* Requirement: Would you print the lines below exactly, beginning at the line that has "Akshar Bracelet 8" and stopping after the line that has "spacerówki czy kojca"? Only those lines, and no pictures.

* Data for processing:
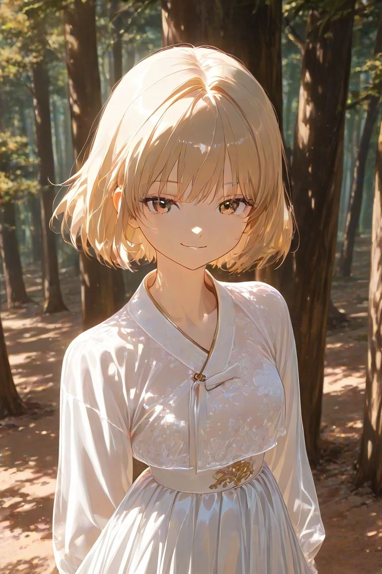백금색 머리카락이 어깨를 따라 흘러내리고, 부드러운 눈매가 당신을 향해 자연스럽게 휘어진다. 처음 만난 사람에게 보이기엔 지나치게 편안한 태도. 그래서인지, 이상할 만큼 경계심이 들지 않았다. 소녀는 당신의 반응을 살피듯 잠시 머뭇거리다, 조심스럽게 곁에 앉았다. 그리고 나긋한 목소리로 말을 건넸다.
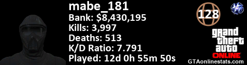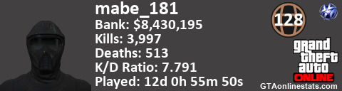 <a href="http://GTAonlinestats.com/showplayer/mabe_181"><img src="http://GTAonlinestats.com/dmsignature/mabe_181/sig.png" alt="mabe_181" border="0" /></a>
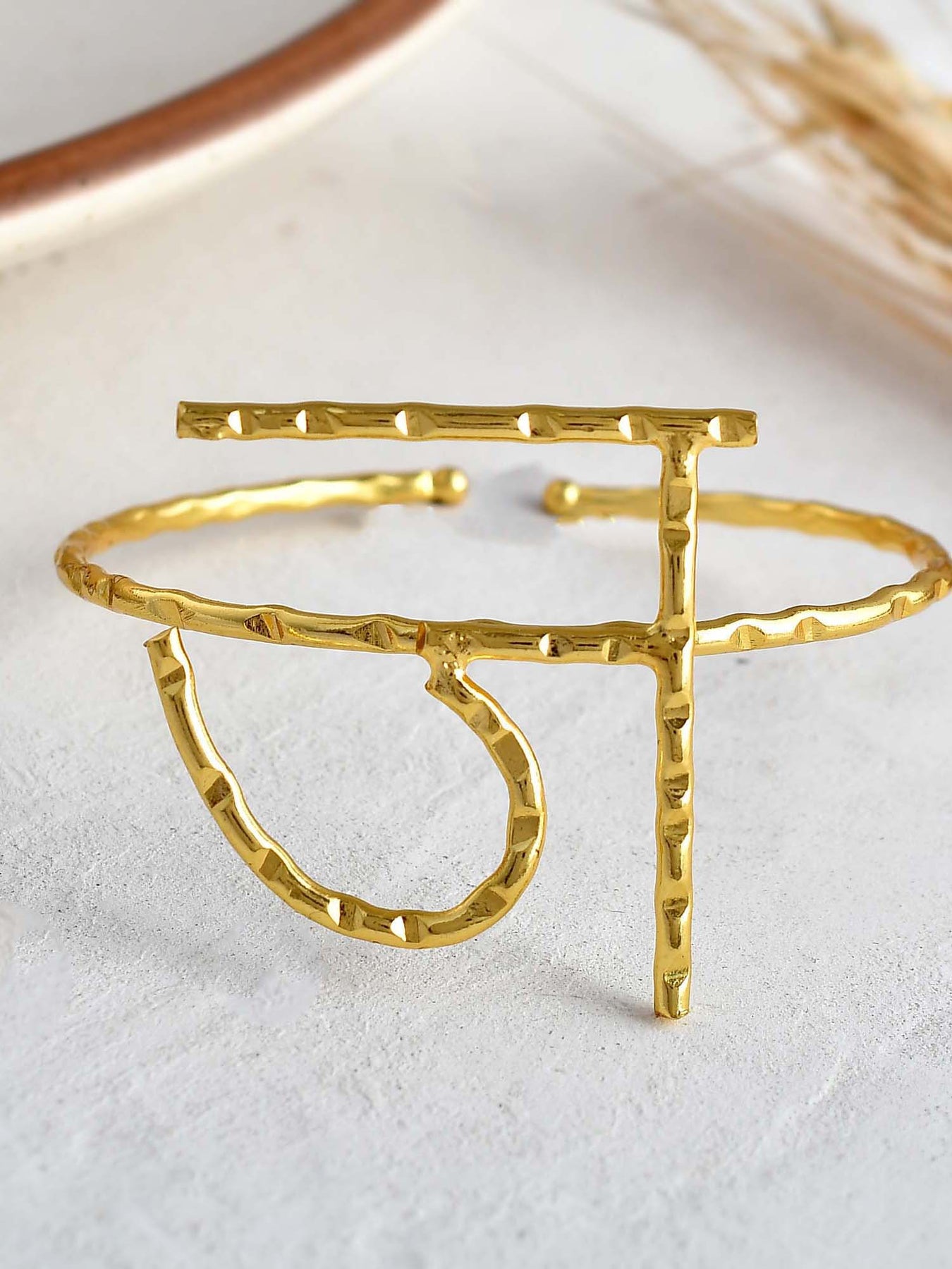 Akshar Bracelet 8 Color :Gold Material :Brass Closure :Hoop Care Instructions :Keep Away From Moisture Weight :0.5G
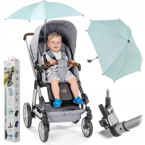 • Dzięki regulowanej klamrze, parasolkę można zamocować w wielu miejscach. Nada się m.in. do wózka, spacerówki czy kojca
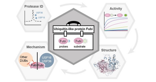 Wissenschaftler um Malte Gersch, Forschungsgruppenleiter am Chemical Genomics Center des Max-Planck-Instituts für molekulare Physiologie und der Fakultät für Chemie und Chemische Biologie der TU Dortmund, haben nun erste molekulare Einblicke in die Maschinerie gewonnen, die die Fubi-kontrollierte Reifung dieses Schlüsselproteins des Ribosoms ermöglicht. Mit Hilfe eines neu entwickelten chemischen Werkzeugkastens charakterisierten die Forscher auf molekularer Ebene, wie die zwei deubiquitinierenden Enzyme USP16 und USP36 über eine weitere spezifische Fubi-Protease-Aktivität verfügen. Diese doppelte Fubi/Ubiquitin-Spezifität erlaubt die Fubi-S30-Maturierung in zwei räumlich bestimmten Umgebungen der Zelle, und verhindert zugleich, dass die große Anzahl der weiteren nur Ubiquitin-spezifischen Enzyme Fubi prozessieren. Die Ergebnisse zeigen die molekulare Verschränkung des Ubiquitin-Systems mit dem bisher wenig erforschten Fubi-System, und werden zusammen mit dem entwickelten chemisch-biologischen Werkzeugkasten auch das Verständnis von Fubi als Protein-Modifikation in zellulären Prozessen erweitern.

* Problem solution:
 Akshar Bracelet 8 Color :Gold Material :Brass Closure :Hoop Care Instructions :Keep Away From Moisture Weight :0.5G
 • Dzięki regulowanej klamrze, parasolkę można zamocować w wielu miejscach. Nada się m.in. do wózka, spacerówki czy kojca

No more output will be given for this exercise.